# Saturday evening popper session



## Peril (Sep 5, 2005)

Thinking of a popper session targetting bream and whiting on Saturday evening (30/12), say from 7-10pm. Not sure where, maybe Hen & Chicken Bay or Iron Cove or Lane Cove River or ...

Anyone else interested? If so, any preference on location? Will consider other than the Parramatta too - might even get something to eat then.


----------



## Peril (Sep 5, 2005)

How about Hen & Chicken Bay? I'll be launching next to the ramp at the end of Reginald St, Wareemba. Can park on the street. Puts us straight onto some flats that have produced bream, whiting and flathead in the past.

Seabreeze is currently showing a 10kt easterly, but who knows what it will be.


----------



## Dodge (Oct 12, 2005)

Dave, 40 years ago used to live on Wymston Pde [between Irene and Reginald] and got great results with squirt worms besting all other baits.

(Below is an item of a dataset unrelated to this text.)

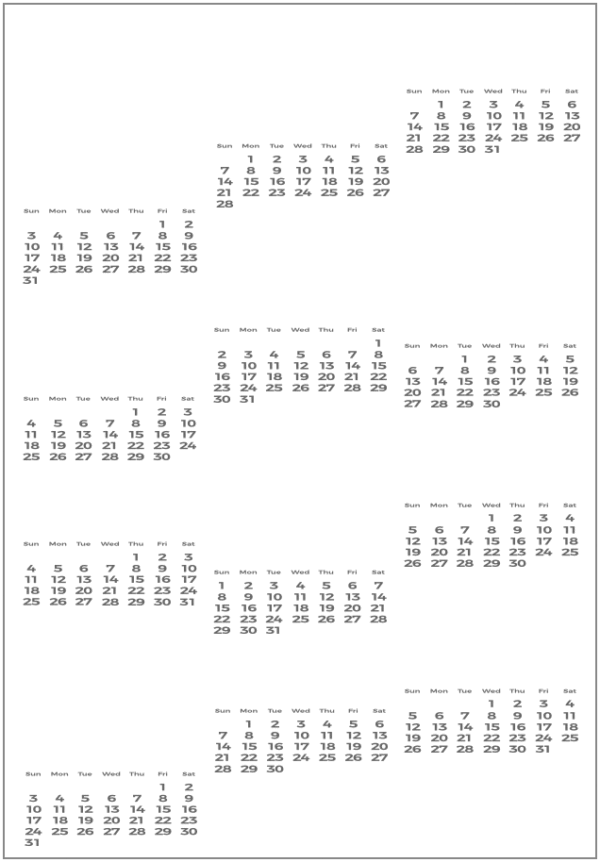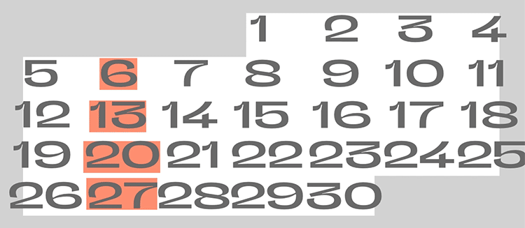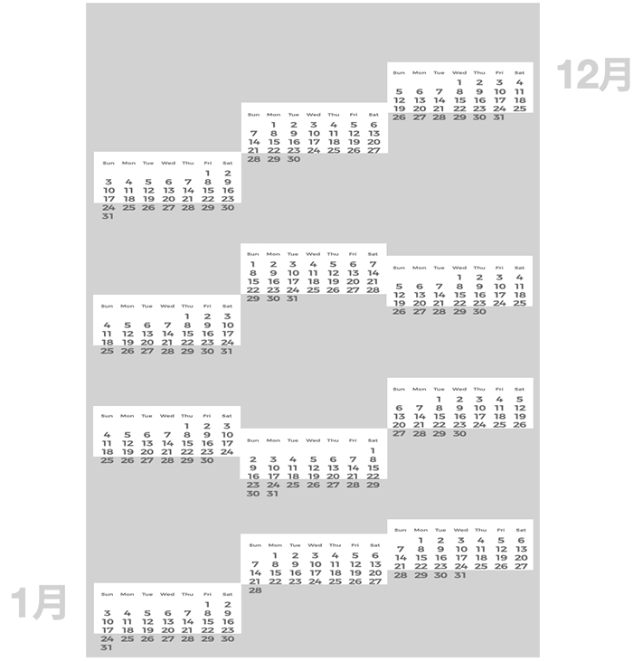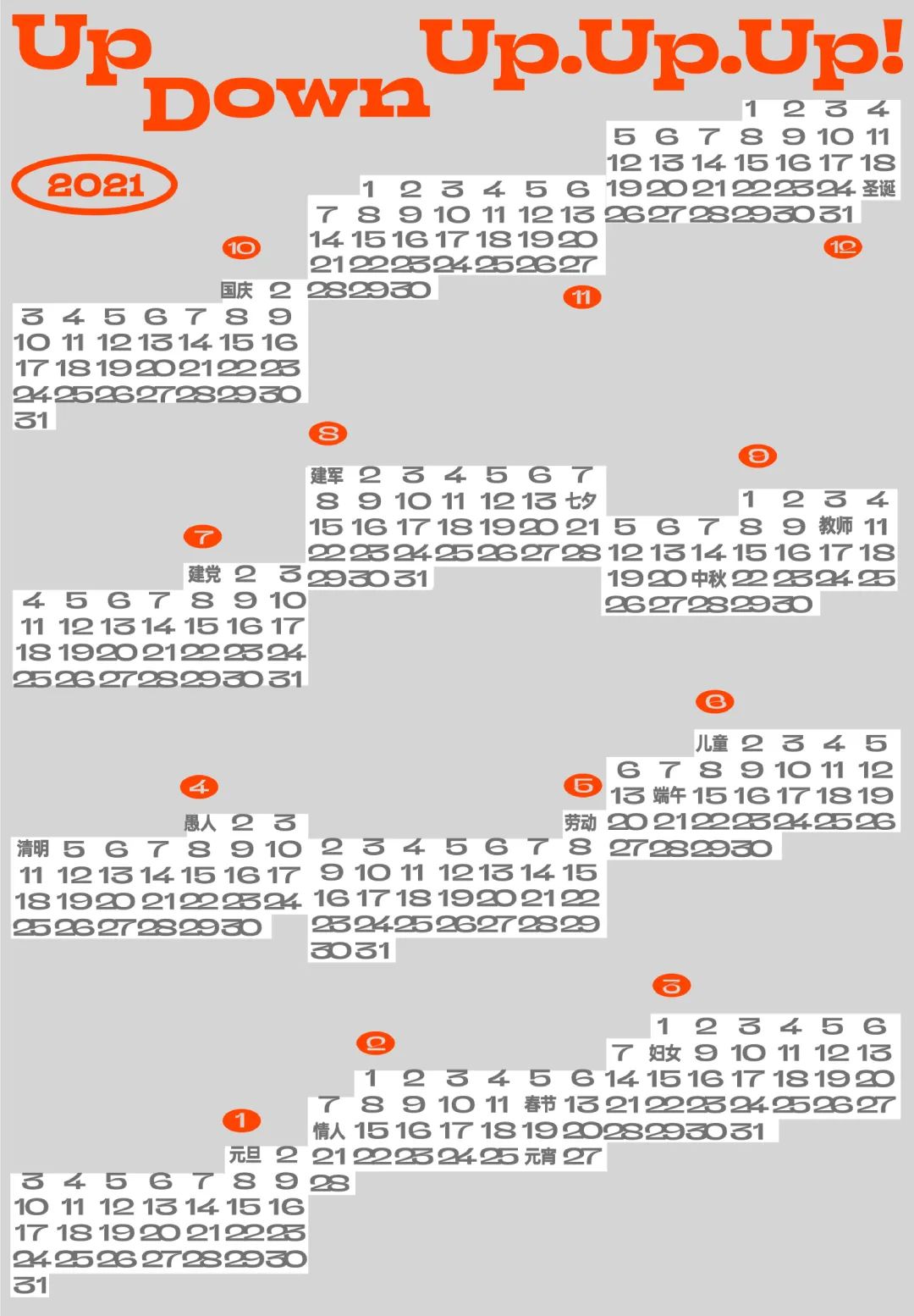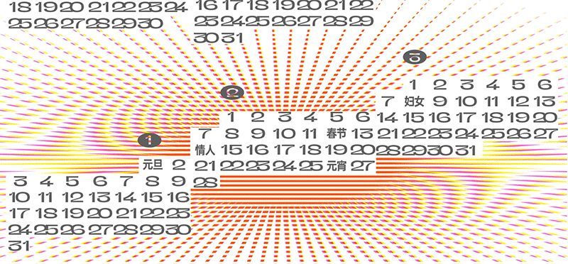 但是日历不同于其他文案有比较多的文字层级,每个日期都是平等的。做不好就很像表格,这就加大了编排的难度。既然文字内部的变化很难做,那么就要考虑文字之外的对比。不如让文字的组块更有节奏感。

Any SP in that vein should still be good, will follow with interest from a nostalgia point of view

Had eytie trawlers working every night in those days


----------



## Peril (Sep 5, 2005)

Guys, it looks like we have thunderstorms rolling in again. Would be irresponsible to go out with graphite rods, not to mention the pointlessness of fishing in such heavy rain.


----------



## Peril (Sep 5, 2005)

Hmm, doesn't seem to be coming east at all. BoM is saying "A few showers and the chance of a thunderstorm, mainly in the west. Light to moderate east to northeast winds". What do you think?


----------